Charles Henry Ewing (May 28, 1866 – December 8, 1935) was an American engineer and businessman who was president of the Reading Company and the Central Railroad of New Jersey.

==Early life==
Charles Henry Ewing was born on May 28, 1866, in Pottstown, Pennsylvania, to Maria (née Potts) and James S. Ewing. His father was a manufacturer in the iron business. He was educated in Pottstown Senior High School and was privately tutored in civil engineering.

==Career==
In 1883, Ewing began a career as a rodman for the Philadelphia and Reading Railway Company. He was later promoted to assistant engineer and supervisor. In 1892, he was made division engineer. He was then chief engineer on the Central New England Railway. In 1902, he returned to the Philadelphia and Reading Railway Company as a division engineer. On June 1, 1905, he became engineer on maintenance of way. In 1910, he became superintendent on the Atlantic City Railroad. On January 1, 1913, he became general superintendent of the Philadelphia and Reading Railway Company. On March 16, 1916, he was appointed as general manager and in December 1917, he was promoted to vice president.

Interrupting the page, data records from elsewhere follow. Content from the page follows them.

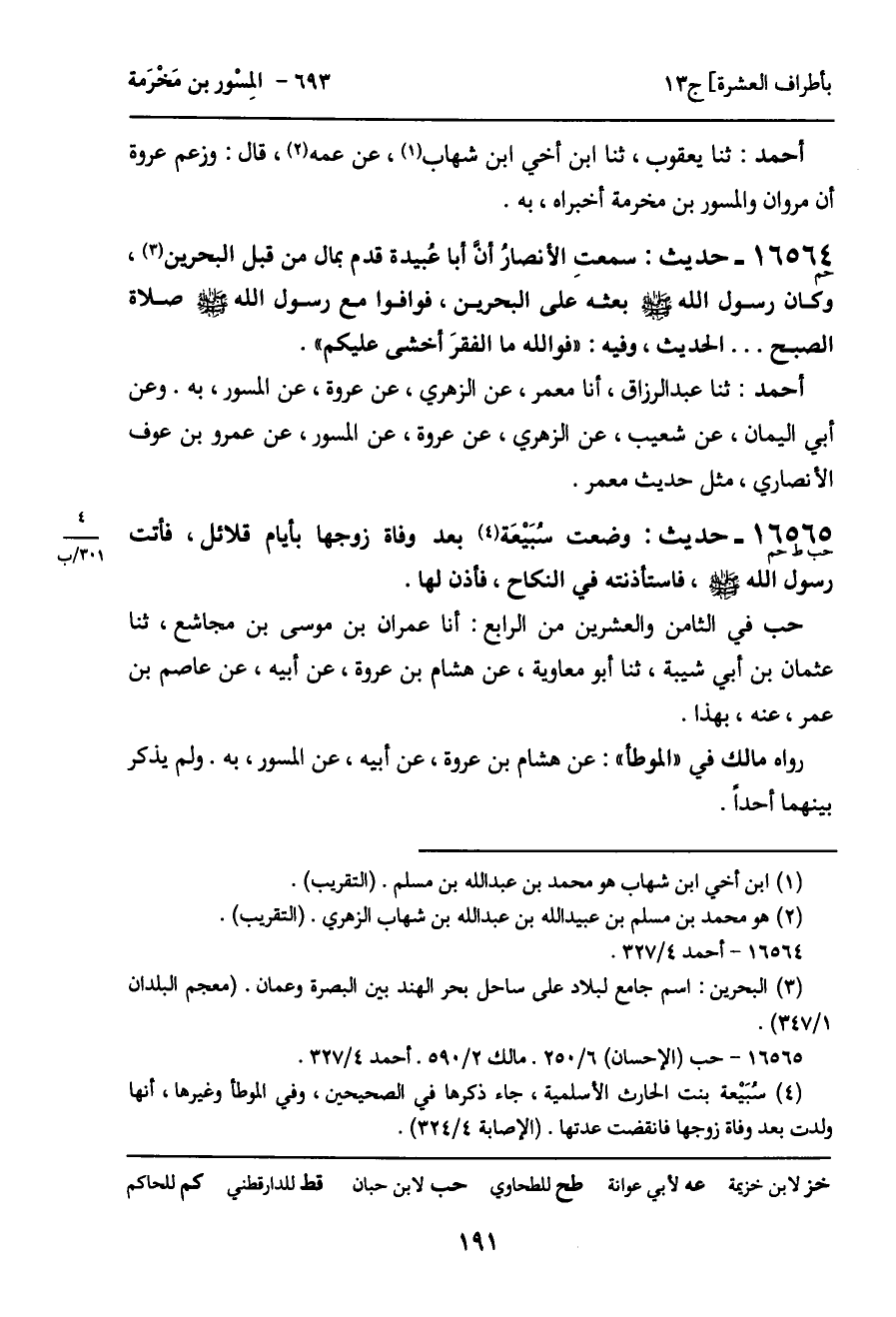أحمد: ثنا عبد الرزاق، أنا معمر، عن الزهري، عن عروة، عن المسور، به. وعن أبي اليمان، عن شعيب، عن الزهري، عن عروة، عن المسور، عن عمرو بن عوف الأنصاري، مثل حديث معمر.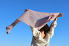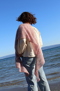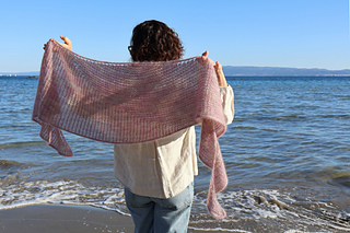 The model shawl was knitted using Haze Lace from Life in the Long Grass in the Cockleshell colorway with yarn held double.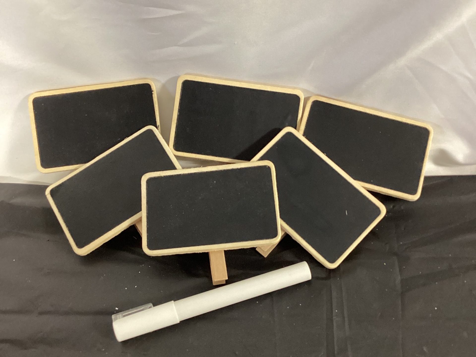 Pack of 6 clothespin chalkboards with chalk marker

During World War I, Ewing was appointed as federal manager of the Philadelphia and Reading Railway Company, the Reading Company, the Central Railroad of New Jersey, and the Staten Island Rapid Transit Company. Following the war, he was vice president of the Philadelphia and Reading Railway Company until January 1, 1924. He then became vice president of the Reading Company. In 1921, he was vice president of the line when disastrous head-on collision near Bryn Athyn, Pennsylvania, on the Newtown branch of the railroad, on December 5, caused the deaths of 27 people, including passengers, crew, and rescuers. Although an investigation had just begun (which would find error in company policies as well as operational errors on that day), Ewing issued a statement the following day placing blame on the crew of the northbound train, which had ignored an order to take a siding to allow another train to pass. Ewing declared, "We are wholly at a loss to account for this gross violation of the order and the rules, except that it was an unexplained failure of the human agency." On April 28, 1932, he became president of the Reading Company, succeeding Agnew T. Dice. He remained as president until 1935. On June 22, 1933, he became president of the Central Railroad of New Jersey.

Ewing was vice president of the Union League, on the board of managers of the Franklin Institute, a member of the general committee in the transportation division of the American Engineering Railway Association. He was a member of the executive committee of the Bureau of Information and the Bureau of Explosives of the Eastern Railways.

==Personal life==
Ewing married Sarah "Sallie" I. Newlin of Pottstown on November 24, 1892. They had a son, George N. He was a member of the Oak Lane Methodist Episcopal Church. He was a member of the Huntingdon Valley Country Club, the Seaview Golf Club, the Engineers Club of Philadelphia, the Marine Club, and the Eastern Railroad Presidents' Conference.

Ewing died of esophageal cancer and pneumonia on December 8, 1935, at his Seatonhurst home on Sharpless Avenue in Melrose Park, Cheltenham Township, Pennsylvania. He was buried at Mount Zion Cemetery in Pottstown.